Omar Haque Awarded ALF Research Award for Important Work on Liver Graft Regeneration
Hans Popper Memorial Postdoctoral Research Fellowship
Omar Haque, MD
Massachusetts General Hospital, Harvard Medical School
Boston, MA
Ex-Vivo Liver Graft Regeneration via Normothermic Machine Perfusion in a Two-Thirds Partial Hepatectomy Model
Mentors: Korkut Uygun, PhD & James F. Markmann, MD, PhD
What is your first memory/experience of wanting to be involved in scientific research?
I remember first entering a lab in my junior year of high school, studying adult neurogenesis in lobster noses at Georgia State. I thought it was so interesting to be involved in work that wasn’t even written in the textbooks I was required to read. The idea of creating knowledge always appealed to me.
How did you learn that you had won an ALF Research Award?
I got an email from the chair of surgery at my institution saying congratulations!
Describe your Research Award Project in very simple (layman) language?

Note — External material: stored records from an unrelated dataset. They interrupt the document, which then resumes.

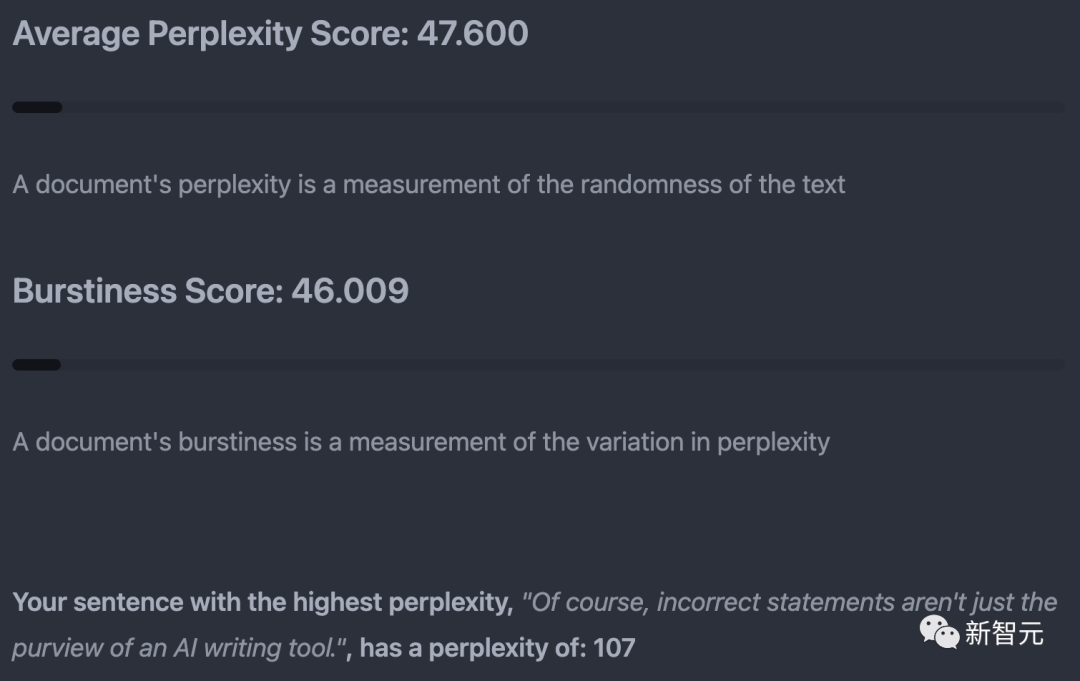 原理上,GPTZero主要靠「困惑度」(文本的随机性)和「突发性」(困惑度的变化)作为指标进行判断。
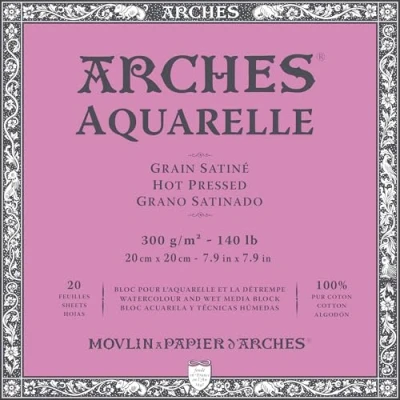 ARCHES Aquarelle Pad 20 Sheets 31 x 41 Glued on 4 Sides 300 g/m² Satin Grain, Natural White, Fruit Edges
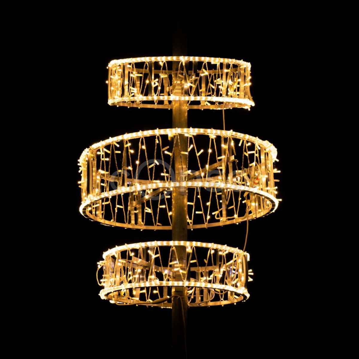 Световая консоль «Золотые кольца» — элегантный уличный декор для новогоднего оформления фасадов, опор освещения и входных зон. Размер — 1×1,2 м, свечение — золотое. Каркас из алюминия, надёжная защита IP65, готова к эксплуатации при –50 °C. Монтаж под ключ от JOYLED.
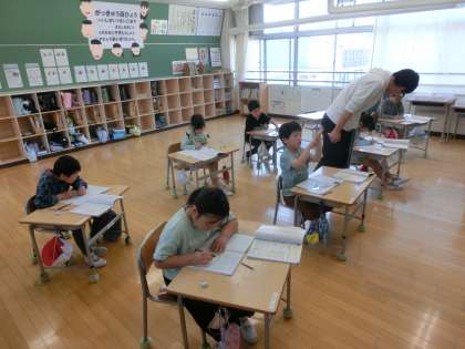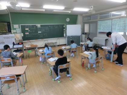2年生の算数は、「引き算の仕方を考えよう」の学習をしました。めあては、「何十から引く筆算を考えよう」です。問題を解き、友達と意見交流することを通して、何十から引く筆算も十の位から1繰り下げて計算すればよいことが分かった2年生でした。
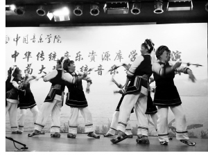 開場(chǎng)舞蹈——喜悅霸王鞭。 12月5日晚,由中國(guó)音樂學(xué)院圖書館策劃、組織的“中華傳統(tǒng)音樂資源庫(kù)學(xué)術(shù)...
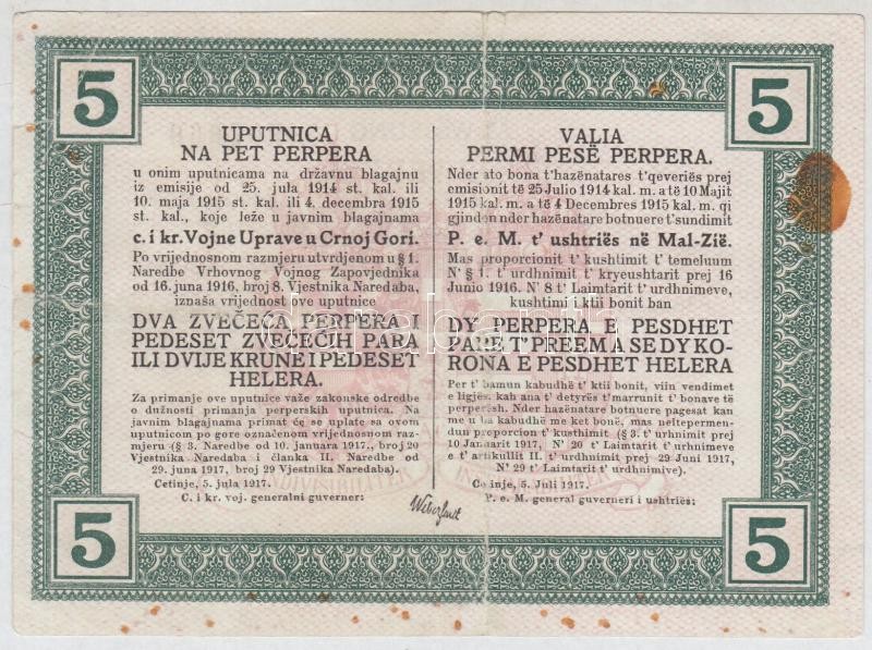 Montenegró / Császári és Királyi Katonai Közigazgatás 1917. 5P T:III fo.
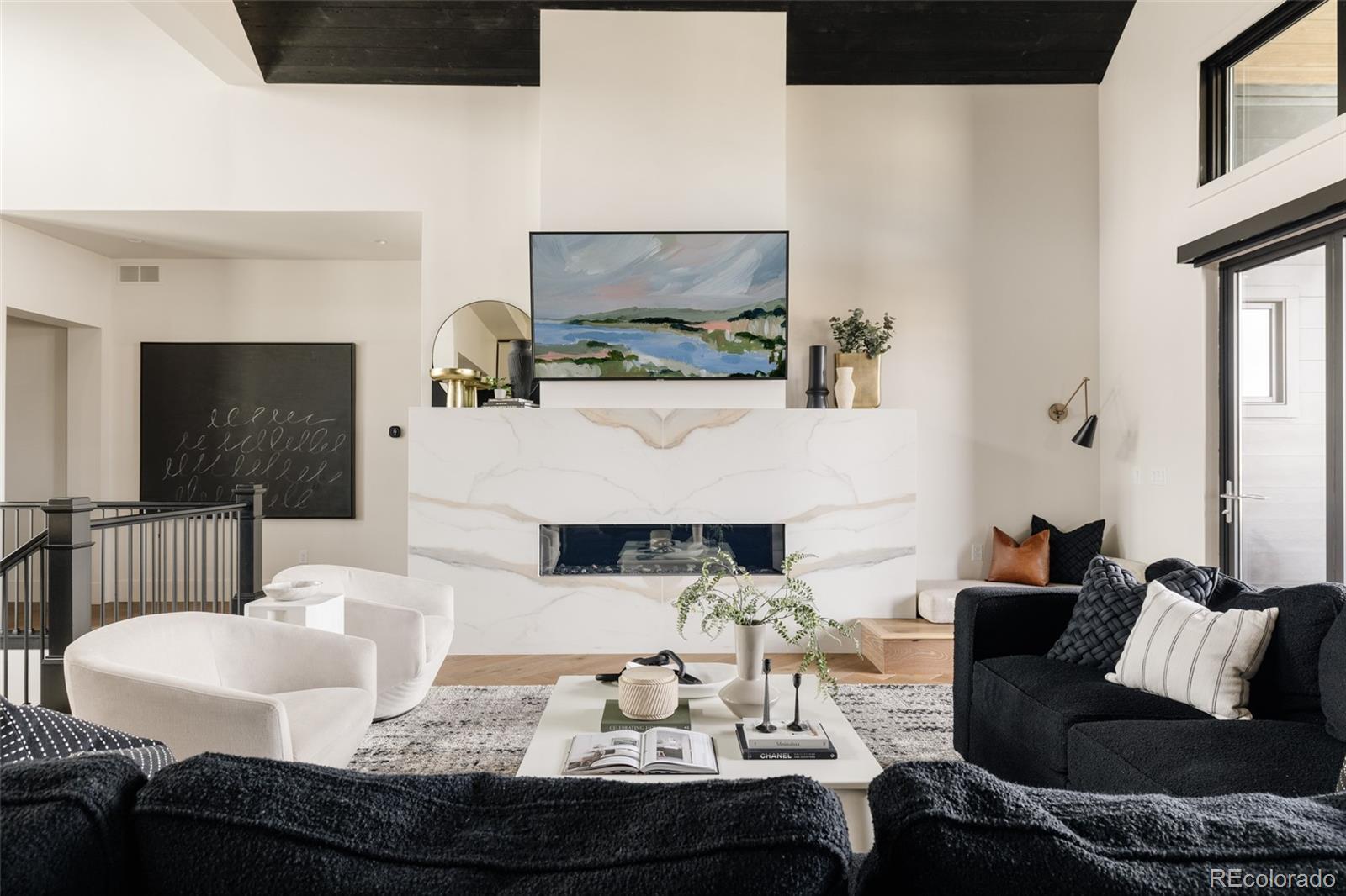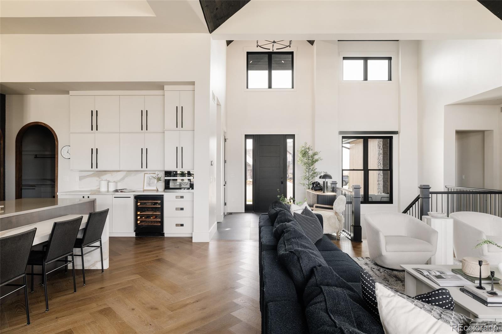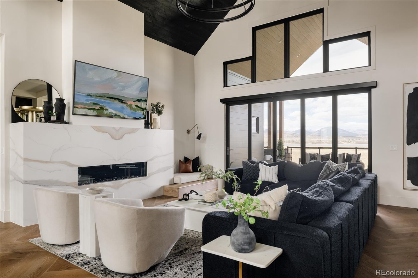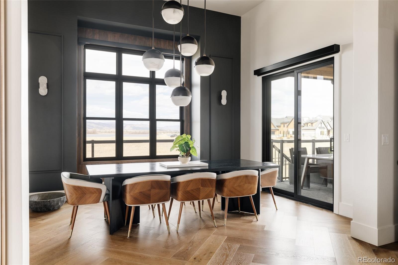 Award-winning Modern Mountain home—featured on HGTV’s Rock the Block—on a quiet cul-de-sac in the gated Rookery at Heron Lakes. The home makes a statement with soaring 5” beetle-kill pine vaulted ceilings, herringbone hardwood floors, a sleek linear gas fireplace & a striking RH chandelier. Motorized blinds & expansive windows flood the open-concept main level with light while framing serene views. The chef’s kitchen is a true centerpiece, blending design & performance with porcelain & quartz countertops, dark Emtek hardware with inset pulls, a 60” Ilve dual-oven gas range, Dacor refrigerator, freezer, dishwasher, built-in steam oven & a boutique-style pantry concealed behind rounded solid wood doors. Seamless indoor-outdoor living unfolds through expansive accordion doors opening to a covered deck with sweeping views of Lone Tree Reservoir, the Rookery & the Rocky Mountains—an exceptional setting for both quiet mornings & sunset entertaining. The main level hosts three ensuite bedrooms, including a luxurious primary retreat with radiant heated bathroom floors, a boutique custom closet & private laundry—one of three laundry areas throughout. A designer ombré bedroom adds a distinctive, curated touch. The walk-out lower level is designed for entertaining with a full second kitchen (Ilve range, Dacor appliances), a theater room with cork walls, tiered seating & custom lighting & a climate-controlled gym with overhead door access. Outdoor spaces rival a private resort with custom landscaping, locally sourced boulders, a water feature, private basketball court, putting green & turf yard with integrated drainage. The oversized garage features epoxy floors, built-in storage & a 240V EV outlet. Enjoy TPC golf privileges & access to resort-style amenities with an annual membership fee to the clubhouse, pool, fitness center, trails, dining & over 130 acres of open space—an elevated lifestyle within one of Northern Colorado’s most exclusive gated communities.
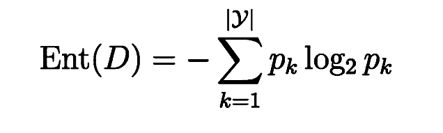 信息熵是度量样本集合纯度最常用的指标,假定当前集合D中第k类样本所占比例为pk(k=1,2,……,|y|) ,则D信息熵的定义为
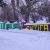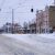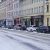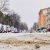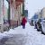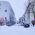 In der Stadt: Dicke Schneedecken auf allen Straßen, welche ich zu Fuß passierte; gelegentlich Schneearbeiter, die an Kreuzungen Gehwege räumten.
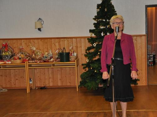 Jouluisen aterian jälkeen pääsimme nauttimaan illan ohjelmasta. Ensimmäisenä esiintymisvuorossa oli Marja-leena Huru. Hän esitti runon mummon muuttumisleikki. Mummo kävi läpi runon vaiheissa erilaisia teemoja. Lapsenlapsi toivoi lopuksi, että mummo palaisi siihen rakkaaseen, tuttuun ja turvalliseen oman mummon hahmoon, joka on maailman paras. Pienen toive toteutui.
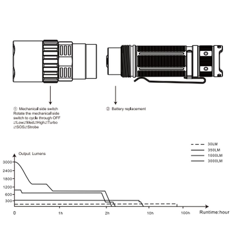 Ausgestattet mit einer Luminus SFT70 LED, bietet diese Taschenlampe eine Leistung von maximal 3.000 Lumen und einer maximale Reichweite von 500 Metern.
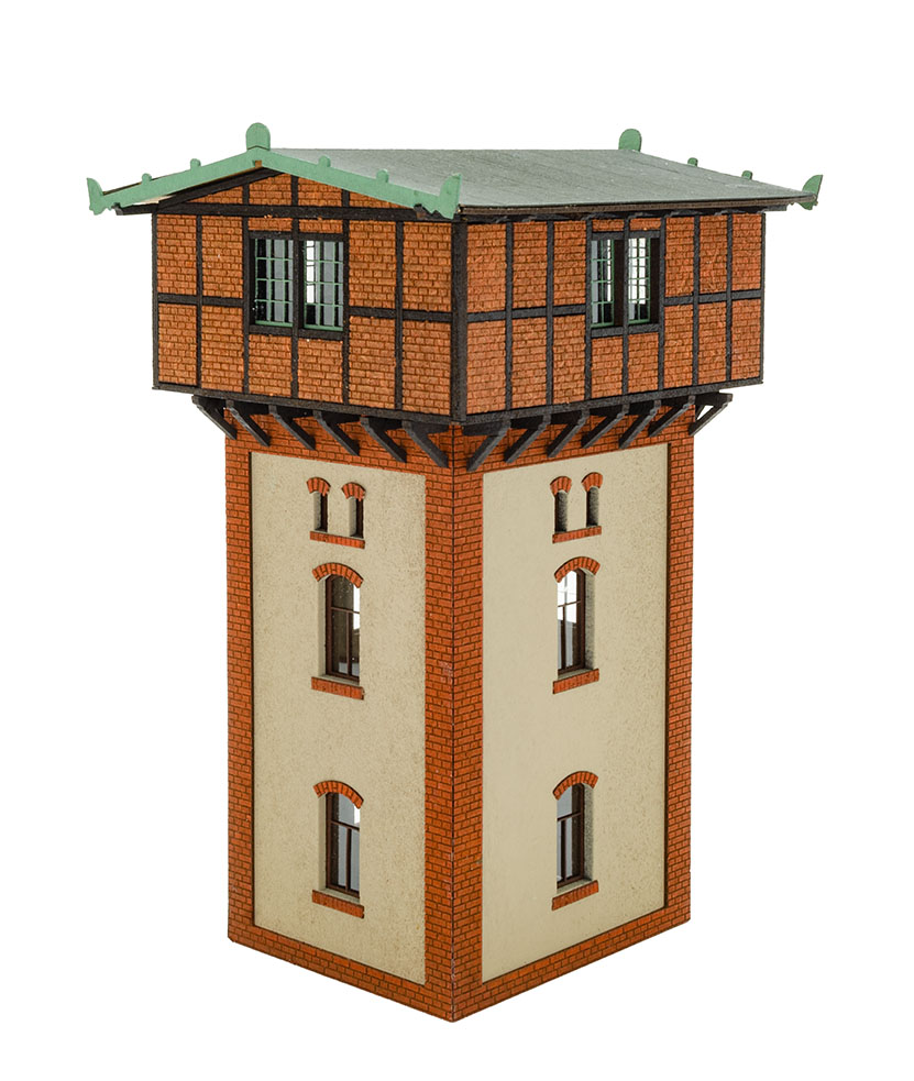 H0 Wasserturm - Polyplate Bausatz - Wasserturm aus Polyplate Verbundwerkstoff. L 6,5 - 9,6 x B 8,7 x H 14,6 cm.
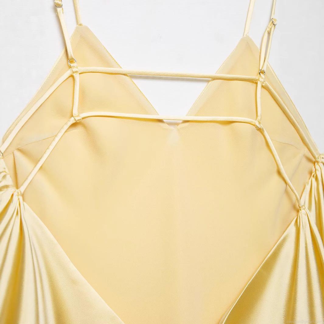 Women's Sexy Satin Backless Midi Dress Spaghetti Strap V-Neck Solid Yellow Silk Texture Evening Party Cocktail Summer Elegant Long Dress

Livers have the miraculous ability to regenerate. Our lab aims to remove parts of a liver from donors, put these livers on a machine that allows them to regrow to transplantable size, and then put them back in patients. We are demonstrating this work in rats before trailing this research in humans.
What do you hope your research project will lead to?
- In the short term?
We hope to regenerate livers ex-vivo on a machine perfusion pump that an equivalent or faster rate than is possible in vivo following hepatectomy. - In its overall contribution to a specific area of liver research?
We hope this research translates into one day being able to take small segments of donor livers, allow them to regrow ex-vivo, and then put them back in transplant recipients. The overarching goal is to reduce the massive liver organ shortage that currently exists.
How did you first hear about the ALF Research Award Program?
I heard about ALF through my PI as an institution that always strives to support young investigator research.
What is the one thing you would like readers to know about why liver research is so important?
The liver is an organ that is capable of regeneration, and unlocking the secrets to how this process works has tremendous applications to treat liver disease and decrease the liver organ shortage in the U.S.